Dagegen steht jenes Geständnis, das Mozart bei der Einstudierung des »Don Juan« in Prag dem Kapellmeister Kucharcz gegenüber äußerte: »Überhaupt irrt man, wenn man denkt, daß mir meine Kunst so leicht geworden ist. Ich versichere Sie, lieber Freund, niemand hat so viel Mühe auf das Studium der Komposition verwendet als ich; es gibt nicht leicht einen berühmten Meister in der Musik, den ich nicht fleißig und oft mehrmals durchstudiert hätte.«

Den scheinbaren Widerspruch hilft uns wieder Goethe lösen, der von der Produktivität höchster Art, die der Mensch als unverhofftes Geschenk von oben zu betrachten habe, das da übermächtig mit ihm tut, wie es ihm beliebt, und dem er sich bewußtlos hingibt, eine Produktion anderer Art unterscheidet, die irdischen Einflüssen unterworfen ist, und die der Mensch mehr in seiner Gewalt hat. »In diese Region zähle ich alles zur Ausführung eines Planes Gehörige, alle Mittelglieder einer Gedankenkette, deren Endpunkte bereits leuchtend dastehen; ich zähle dahin alles dasjenige, was den sichtbaren Leib und Körper eines Kunstwerkes ausmacht.« Bei der Ausgestaltung der genial erfaßten Idee tritt der Kunstverstand als wichtigste Kraft auf. Die Bedeutung dieser zweiten, von Goethe mit vollem Recht noch in den Bereich des Genialen hineingezogenen Tätigkeit ist so groß, daß vielfach der Kunstbeurteiler in dieser Kraft der Ausführung das Ausschlaggebende sieht.
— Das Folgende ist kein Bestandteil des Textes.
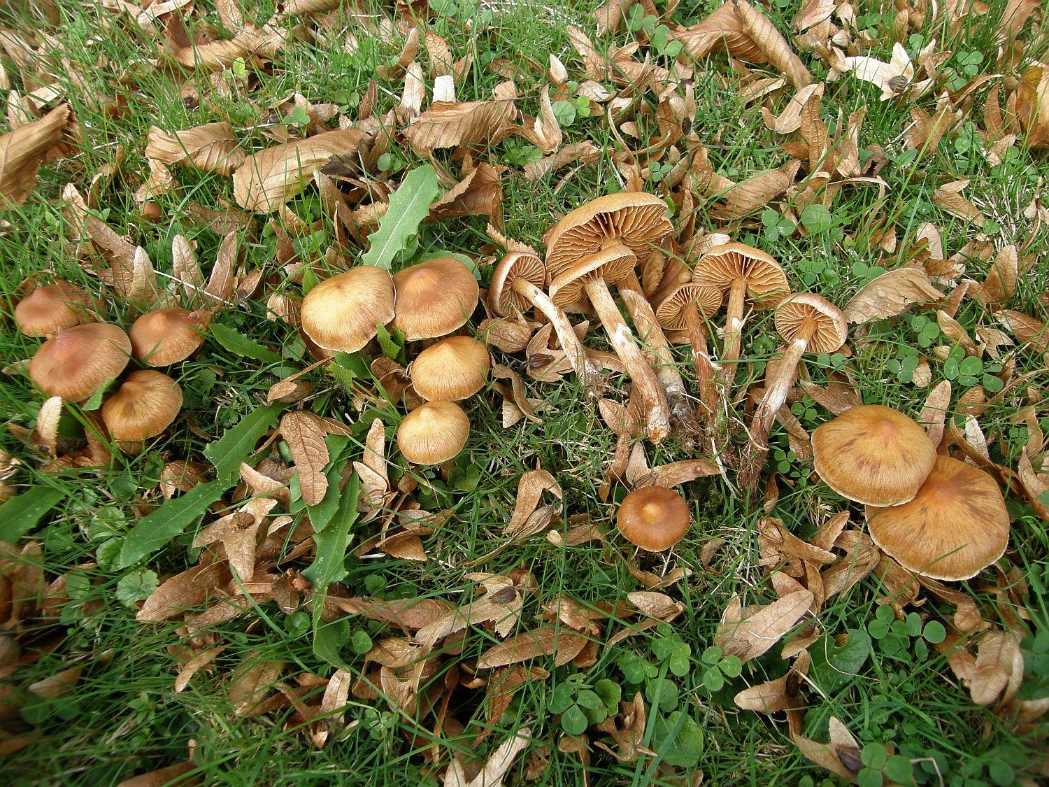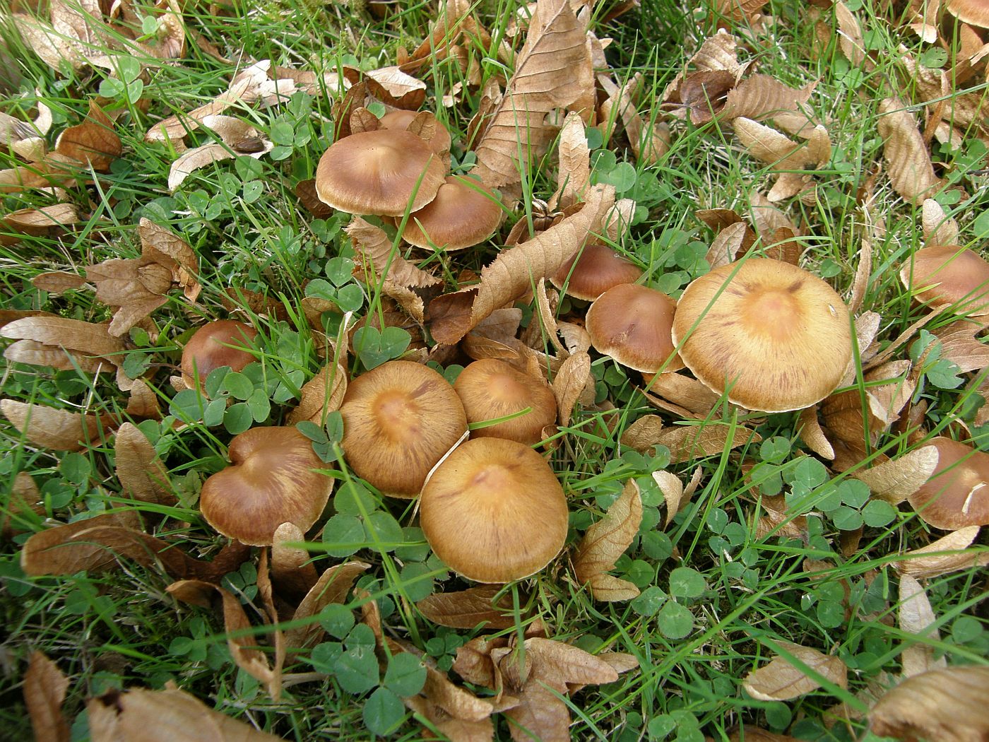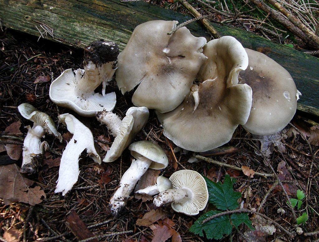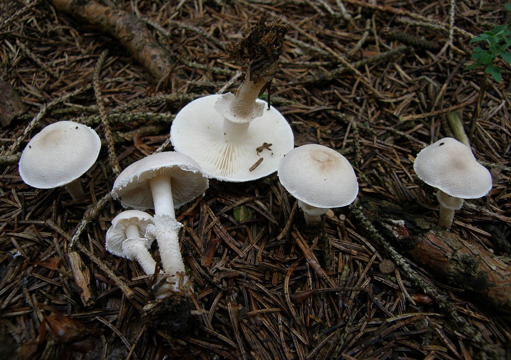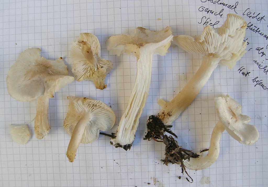 verwirrend, wegen dem Fundort unter zwei großen Tannen (Abies spec.) und der etwas übertriebenen Größe der Fruchtkörper. Ich hatte den bisher nur kleiner gesehen. Aber sie sind klassisch dünnfleischig, gilbend, extrös mehlgurkiger Geruch. Sporenform passt nicht zu Tricholoma scalpturatum, Tricholoma argyraceum gilbt noch weniger und hat noch mal einen Tik schlankere Sporen, wobei das vermutlich ein variables Merkmal ist. Mit den weißen fruchtkörpern und angesichts der Tatsache, daß der nächste laubbaum auf dem Gelände auch nie weiter als 6 bis 8 Meter entfernt steht, bleibe ich bei Tricholoma inocyboides.

Fast die ganze französische Art des Kunsturteils bewegt sich in diesem Kreise, wobei wir freilich hinzufügen müssen, daß in der Geschichte der romanischen Künste die Erscheinungen, daß diese zweite Art der Produktivität nicht auf der Höhe der ersten steht, sehr selten sind. Wohl aber ist es eine charakteristische Erscheinung der germanischen Kunstgeschichte, daß die Gestaltung eines künstlerisch genialen Gedankens weit hinter dessen ursprünglicher Erfassung zurückbleibt. Wir berühren hier vielleicht das tiefste Problem germanischer Kunstauffassung und damit den entscheidenden Punkt im germanischen Kunstschaffen, für das die Schwierigkeit immer darin liegt, daß die Konzeption so ungeheuer stark ist, daß die Formgebung für jeden einzelnen Fall als neues Problem dasteht. Wir haben nun gerade bei Mozart so stark das Gefühl, daß die Form sich mit dem Inhalt deckt – alles natürlich rein musikalisch verstanden –, daß wir schon daraus auf eine hohe Bildung seines Kunstverstandes schließen können. Während er sonst, wie seine Schwester sagte, zeitlebens in allem ein Kind blieb, war er in allen musikalischen Dingen von einer erstaunlichen Frühreife, auch hinsichtlich des verstandesmäßigen Urteils. Die schroffe Entschiedenheit dieses künstlerischen Urteils wirkt gerade bei seinem so liebevollen Charakter, welcher in allen anderen Dingen das Lobenswerte heraussuchte, doppelt charakteristisch.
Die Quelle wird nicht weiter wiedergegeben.